Wedding Music
By Gabriel S. Horne

Music is the finest way to personalize your marriage vows and set the tone of your ceremony. Whether you plan to have a large formal wedding in a cathedral or a small gathering at your home, the music played before, during, and at the conclusion of the ceremony is an important part of your planning.

If you are planning a church wedding, discuss the music with your clergy member. Most churches allow the inclusion of appropriate secular or popular music, and a personal favorite might be just the thing to make your ceremony just a little bit more special. Anyone planning a church wedding will definitely have an ear toward the traditional or religious aspects and you should take full advantage of the possibilities. Find out if the church has an organ or piano on the premises. The clergy member will almost certainly be able to recommend a keyboardist with experience performing music at ceremonies. The musician will have wider range of appropriate classical and/or religious music from which to choose or will be able to perform a piece of your choice if given some time to rehearse it.
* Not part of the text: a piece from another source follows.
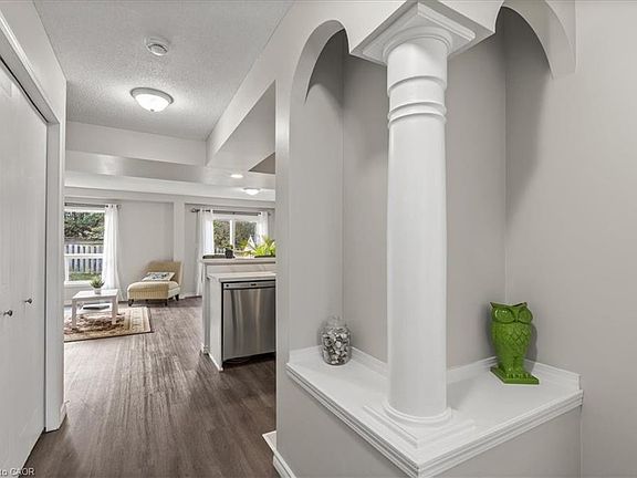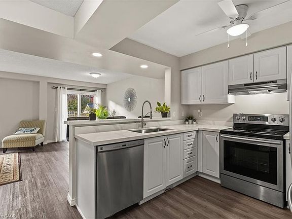 Modern Living in Prime Hespeler! Welcome home to 269 McMeeken Drive, a beautiful freehold townhouse nestled in one of Cambridge's most desirable and family-friendly neighborhoods. This home isn't just move-in ready—it's completely rejuvenated, saving you the time and expense of renovations! Step inside to discover a bright, cohesive space defined by brand-new luxury vinyl plank flooring that flows seamlessly across every level. The entire home has been freshly painted in a contemporary, neutral palette, making it the perfect canvas for your personal style. Key Upgrades You'll Love: Kitchen: The heart of the home boasts new, durable quartz countertops that pair perfectly with the cabinetry, offering ample space for cooking and entertaining. Bathrooms: All bathrooms have been elevated with brand-new vanities and matching quartz countertops, creating a fresh, luxurious feel. Future Potential: The lower level offers incredible value with an unfinished basement that is already partially framed and includes a useful fruit cellar space. This area is primed and ready to be customized into a future rec room, home office, or gym—a perfect investment opportunity! The garage has direct access to the basement, so an in-law or duplex opportunity exists. Located close to schools, trails, parks, and easy access to Highway 401 for commuters. This truly is a home-run opportunity in a fantastic Hespeler location.

Other favored classical and traditional presentations favored include the classical guitar, the harp, the string quartet, or duos consisting of harp/flute, piano/flute, and trumpet/flute and trumpet/violin, etc.

You might also wish to have a vocalist or small vocal ensemble perform a piece with lyrics that have special meaning for you and your family. Again, the clergy member will most certainly be able to recommend a soloist or group.
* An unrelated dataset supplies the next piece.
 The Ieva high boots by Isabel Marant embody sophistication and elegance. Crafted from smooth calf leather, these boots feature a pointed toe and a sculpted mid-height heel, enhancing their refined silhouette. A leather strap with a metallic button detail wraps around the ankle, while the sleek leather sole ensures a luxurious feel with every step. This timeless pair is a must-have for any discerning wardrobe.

Combinations of musical style are also possible. One recent wedding made the most of everything available. Although the couple opted for a very classy violin and trumpet duo for the bulk of the musical offering, there was a beautifully restored pipe organ at this colonial-era church and the instrument was utilized for two of the selections.
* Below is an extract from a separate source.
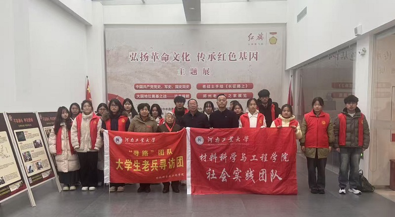 上午10点,河南工业大学材料科学与工程学院大学生寒假社会实践团队一行15名大学生进中牟新区新时代文明实践点、郑州博行大展红旗体验中心,参观了由县委宣部、县文明办、县新时代文明实践中心主办,郑州抗美援朝老战士之家传承红色基因志愿服队和博行大展红旗承办的“弘扬革命文化 传承红色基因”主题展,同时举行2026年寒假“追寻红色记忆·寻访最可爱的人”社会实践活动启动仪式!标志着2026年度郑州抗美援朝老战士之家联合河南工业大学材料科学与工程学院开展的“追寻红色记忆 寻访最可爱的人”社会实践活动正式启动。

If you're being married at a private home or at the location of your reception, the options are considerably widened, limited only by the boundaries of good taste. The family piano or the piano at the hall is always a good place to start. If there's an organ available, that makes for a good combination of the traditional and the casual. Light folk music (acoustic guitars, fiddles, mandolins) is also very popular. And don't forget about pre-recording your favorite music on to a cassette. You can program the entire ceremony yourself. Just make sure you have a trusted accomplice with detailed instruction running the deck! No matter what you decide, the music for your wedding is the perfect background for your ceremony and its one area where the choice is solely in your hands.